Normalization is the process of efficiently
organizing data in a database. There are two goals of the normalization
process: eliminating redundant data (for example, storing the same data in more
than one table)
and ensuring data
dependencies make sense (only storing related data in a table). Both
of these are worthy goals as they reduce the amount of space a database
consumes and ensure that data is logically stored.
The
Normal Forms
The
database community has developed a series of guidelines for ensuring that
databases are normalized. These are referred to as normal forms and are
numbered from one (the lowest form of normalization, referred to as first normal
form or 1NF) through five (fifth normal form or 5NF). In practical
applications, you'll often see 1NF,
2NF,
and 3NF
along with the occasional 4NF. Fifth normal form is very rarely seen and won't
be discussed in this article.
Before we begin our discussion of the normal forms, it's important to point out that they are guidelines and guidelines only. Occasionally, it becomes necessary to stray from them to meet practical business requirements. However, when variations take place, it's extremely important to evaluate any possible ramifications they could have on your system and account for possible inconsistencies.
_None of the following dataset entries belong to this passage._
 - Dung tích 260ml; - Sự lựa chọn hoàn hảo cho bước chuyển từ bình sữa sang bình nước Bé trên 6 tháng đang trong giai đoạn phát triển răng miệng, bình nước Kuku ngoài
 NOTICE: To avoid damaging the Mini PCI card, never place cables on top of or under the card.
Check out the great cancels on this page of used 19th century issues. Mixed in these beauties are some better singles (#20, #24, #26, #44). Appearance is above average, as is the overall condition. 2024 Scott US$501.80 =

Before we begin our discussion of the normal forms, it's important to point out that they are guidelines and guidelines only. Occasionally, it becomes necessary to stray from them to meet practical business requirements. However, when variations take place, it's extremely important to evaluate any possible ramifications they could have on your system and account for possible inconsistencies.
First
Normal Form (1NF)
First normal form (1NF) sets the
very basic rules for an organized database:
- Eliminate duplicative columns from the same table.
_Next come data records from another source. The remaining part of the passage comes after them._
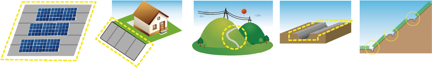 ・太陽光発電所の下地保全対策として ・遊歩道の浸食防止対策として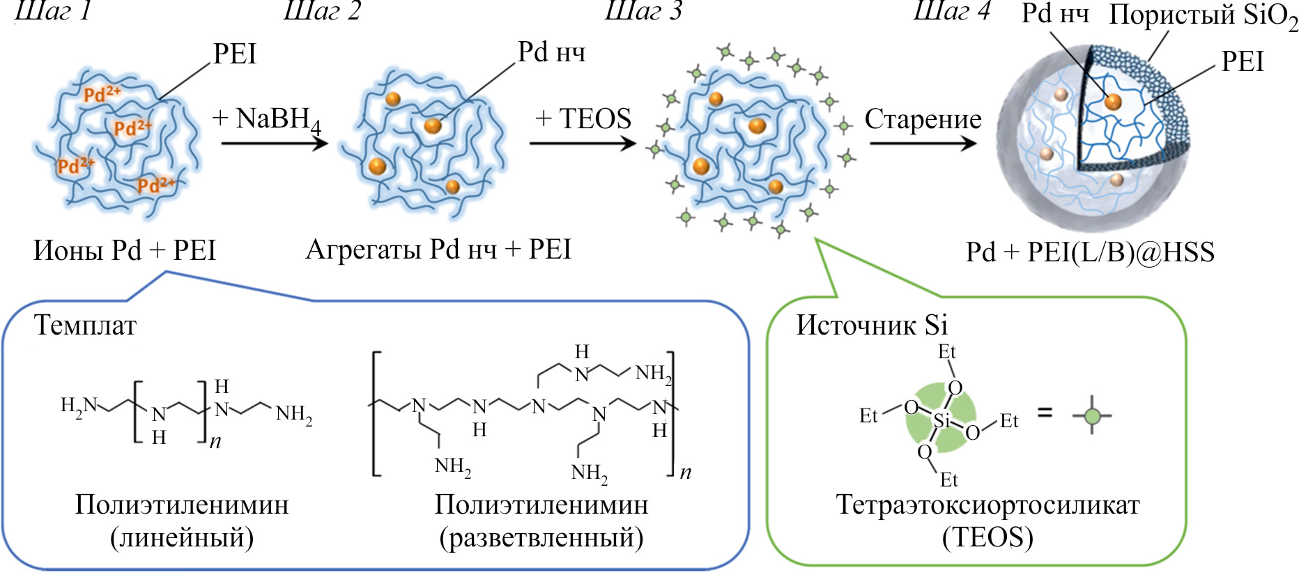 Для исключения диффузионных ограничений при модификации мезоструктурных силикатов полиэтиленимином необходимо подбирать фрагменты полимера определенной массы. Данная проблема была решена в работе [77] путем использования систем типа ядро–оболочка, где в роли «оболочки» выступал мезопористый оксид кремния, а «ядром» являлись наночастицы палладия, координированные линейным или разветвленным полиэтиленимином для Pd + PEI(L)@HSS и Pd + PEI(B)@HSS соответственно. Синтез катализатора проводили последовательно в одной колбе без выделения промежуточных продуктов (рис. 3). Содержание металла в обоих катализаторах было одинаковым (1.1% Pd), в то время как средний размер частиц и толщина силикатной оболочки составляли 9.0 и 49 нм для Pd + PEI(L)@HSS и 6.0 и 36 нм для Pd + PEI(B)@HSS, что связывали с меньшей среднемассовой молекулярной массой полиэтиленимина в случае последнего. Полученные в работе катализаторы были испытаны в селективном гидрировании дифенилацетилена и фенилацетилена (50°С, 1 атм H2, субстрат/Pd = 200 моль/моль). В случае обоих субстратов большей активностью характеризовался Pd + PEI(B)@HSS, что связано с меньшей толщиной силикатной оболочки. Между тем Pd + PEI(L)@HSS отличался большей селективностью в гидрировании фенилацетилена, что связывали с более эффективной координацией наночастиц палладия линейным полиэтиленимином, характеризующимся наличием в структуре почти исключительно вторичных атомов азота и, как следствие, меньшими стерическими затруднениями. Также была доказана возможность повторного использования катализатора Pd + PEI(L)@HSS на протяжении как минимум пяти циклов без потери активности и селективности.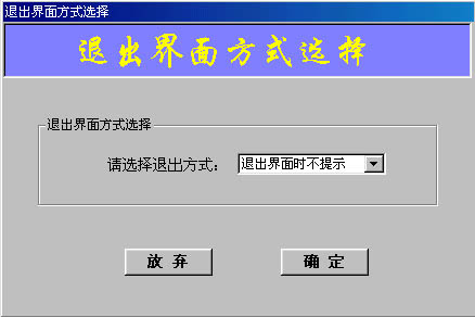 在退出界面方式栏目中选择所需的退出方式,然后按确定按钮保存选择结果。按放弃按钮放弃选择结果。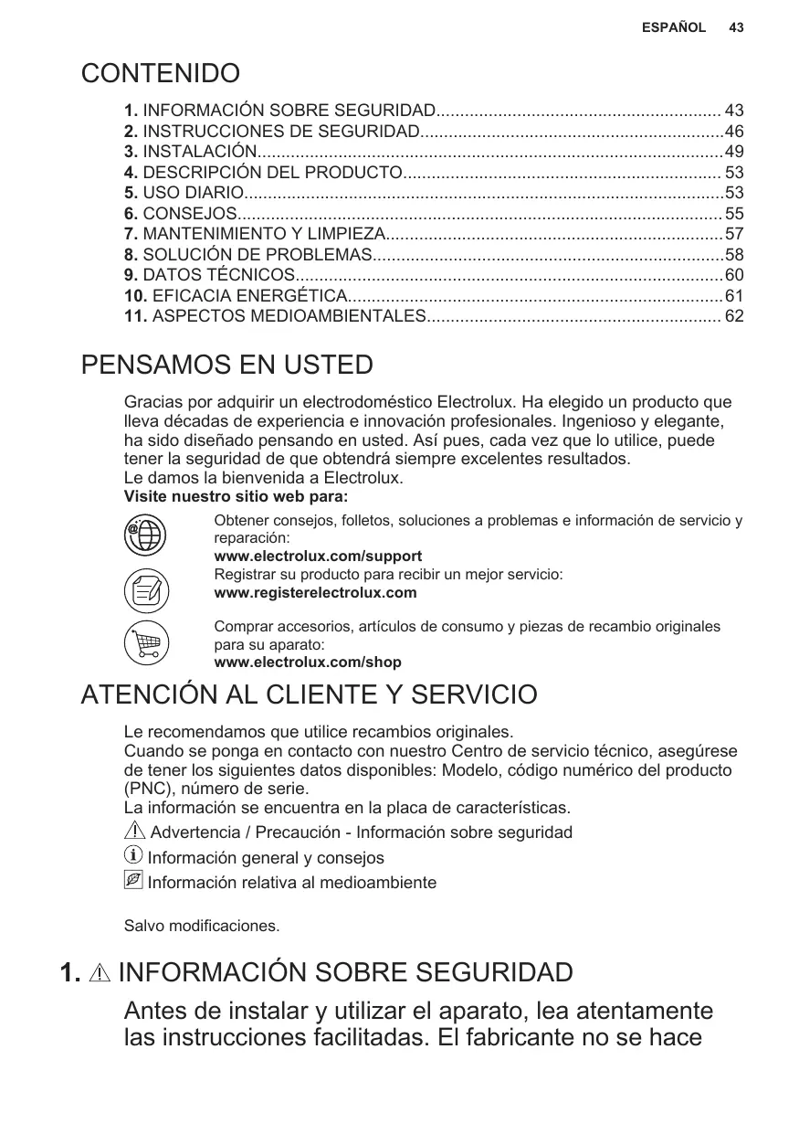 CONTENIDO 1. INFORMACIÓN SOBRE SEGURIDAD 43 2. INSTRUCCIONES DE SEGURIDAD46 3. INSTALACIÓN49 4. DESCRIPCIÓN DEL PRODUCTO 53 5. USO DIARIO53 6. CONSEJOS 55 7. MANTENIMIENTO Y LIMPIEZA57 8. SOLUCIÓN DE PROBLEMAS58 9. DATOS TÉCNICOS60 10. EFICACIA ENERGÉTICA61 11. ASPECTOS MEDIOAMBIENTALES 62

- Create separate tables for each group of related data and identify each row with a unique column or set of columns (the primary key).
Second
Normal Form (2NF)
Second normal form (2NF) further
addresses the concept of removing duplicative data:
- Meet all the requirements of the first normal form.
- Remove subsets of data that apply to multiple rows of a table and place them in separate tables.
- Create relationships between these new tables and their predecessors through the use of foreign keys.
Third
Normal Form (3NF)
Third normal form (3NF) goes one
large step further:
- Meet all the requirements of the second normal form.
- Remove columns that are not dependent upon the primary key.
Boyce-Codd
Normal Form (BCNF or 3.5NF)
The Boyce-Codd Normal Form, also
referred to as the "third and half (3.5) normal form", adds one more
requirement:
- Meet all the requirements of the third normal form.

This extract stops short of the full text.